The New York Times article content itself could not be assessed due to paywall and JavaScript barriers. Structurally, the platform demonstrates mixed signals: it hosts journalism potentially relevant to human rights issues (technology/copyright), but restricts universal information access through subscription requirements, technical gatekeeping, and tracking systems. The architecture undermines UDHR Articles on information access, equality, and privacy.
To be very clear on this point - this is not related to model training.
It’s important in the fair use assessment to understand that the training itself is fair use, but the pirating of the books is the issue at hand here, and is what Anthropic “whoopsied” into in acquiring the training data.
Buying used copies of books, scanning them, and training on it is fine.
This is sad for open source AI, piracy for the purpose of model training should also be fair use because otherwise only the big companies who can afford to pay off publishers like Anthropic will be able to do so. There is no way to buy billions of books just for model training, it simply can't happen.
Maybe I would think differently if I was a book author but I can't help but think that this is ugly but actually quite good for humanity in some perverse sense. I will never, ever, read 99.9% of these books presumably but I will use claude.
I wonder who will be the first country to make an exception to copyright law for model training libraries to attract tax revenue like Ireland did for tech companies in the EU. Japan is part of the way there, but you couldn't do a common crawl type thing. You could even make it a library of congress type of setup.
1. A Settlement Fund of at least $1.5 Billion: Anthropic has agreed to pay a minimum of $1.5 billion into a non-reversionary fund for the class members. With an estimated 500,000 copyrighted works in the class, this would amount to an approximate gross payment of $3,000 per work. If the final list of works exceeds 500,000, Anthropic will add $3,000 for each additional work.

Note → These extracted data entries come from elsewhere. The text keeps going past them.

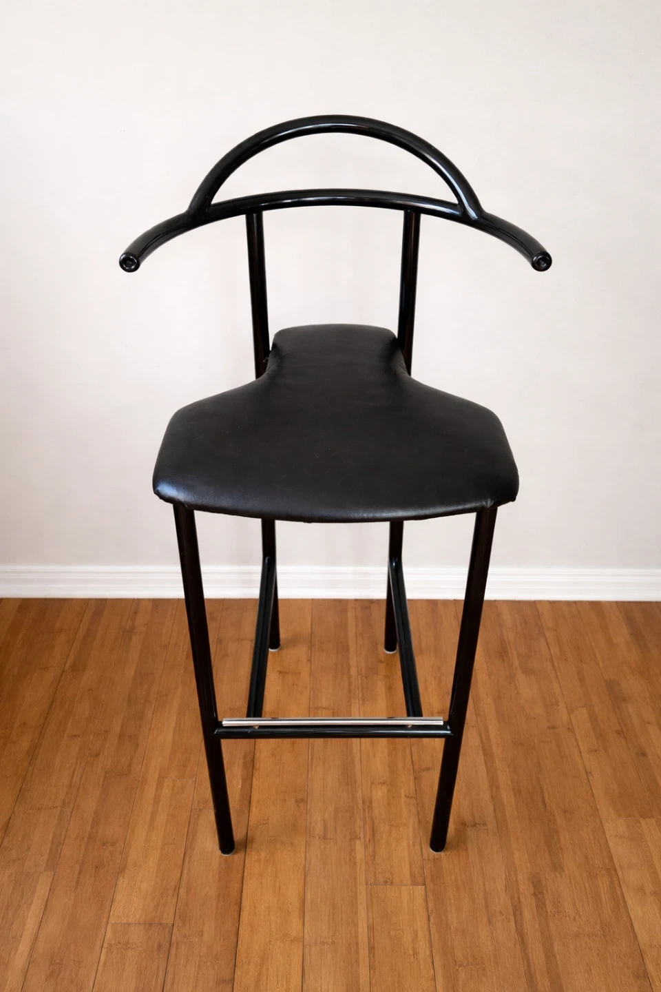 Sleek black bar stool with a cushioned seat and curved arm/back design for extra comfort. Great for kitchen islands or bar setups and easy to match with any space! The sturdy metal frame keeps it stable while still feeling lightweight and easy to move.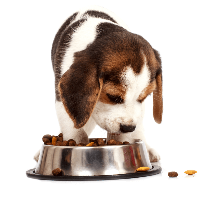 Puppies and kittens should be fed measured meals between three to four times daily up until about four to five months when most will tolerate being transitioned to two meals daily though individual feeding schedules and volumes may vary. Free feeding is not recommended as overfeeding and obesity is a major concern for most adult dogs and cats. Obesity increases risk for orthopedic diseases, arthritis, liver disease, diabetes, and urinary tract disorders.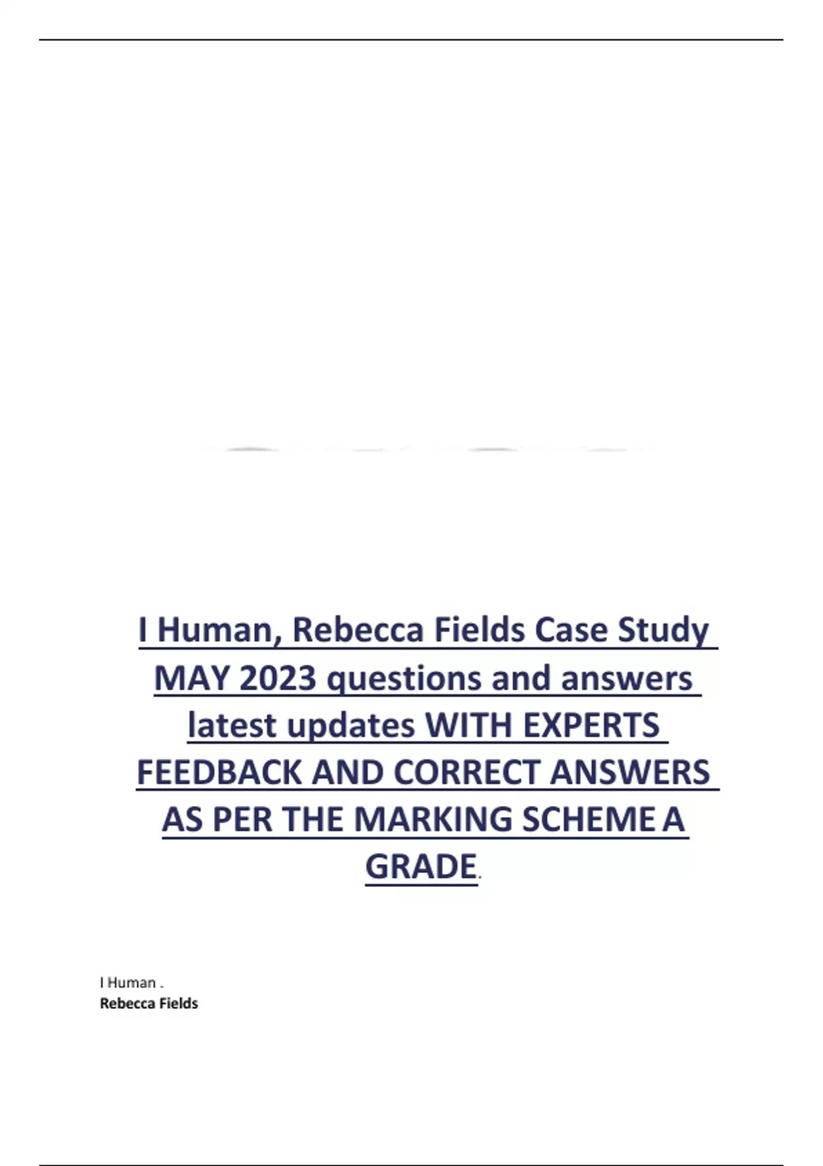 I Human, Rebecca Fields Case Study MAY 2023 questions and answers latest updates WITH EXPERTS FEEDBACK AND CORRECT ANSWERS AS PER THE MARKING SCHEMEA GRADE.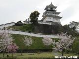 | 掛川城 2010年4月7日 | JR掛川駅北口を出て真北に広い道を10分程歩くと掛川城です。城内突き当りの二の丸御殿(現存)にスタンプあり、(¥300)書院づくりの御殿は風格もあり見ごたえあります、玄関の起(むくり)破風も見所です。復元天守は小さいですが木造の為か温かみがあります、又御殿側からは石垣もあり白漆喰で見事です。忍び返しも必見。 |

2. Destruction of Datasets: Anthropic has committed to destroying the datasets it acquired from LibGen and PiLiMi, subject to any legal preservation requirements.
3. Limited Release of Claims: The settlement releases Anthropic only from past claims of infringement related to the works on the official "Works List" up to August 25, 2025. It does not cover any potential future infringements or any claims, past or future, related to infringing outputs generated by Anthropic's AI models.
I can't help but feel like this is a huge win for Chinese AI. Western companies are going to be limited in the amount of data they can collect and train on, and Chinese (or any foreign AI) is going to have access to much more and much better data.
How do legal penalties and settlements work internationally? Are entities in other countries somehow barred from filing similar suits with more penalties?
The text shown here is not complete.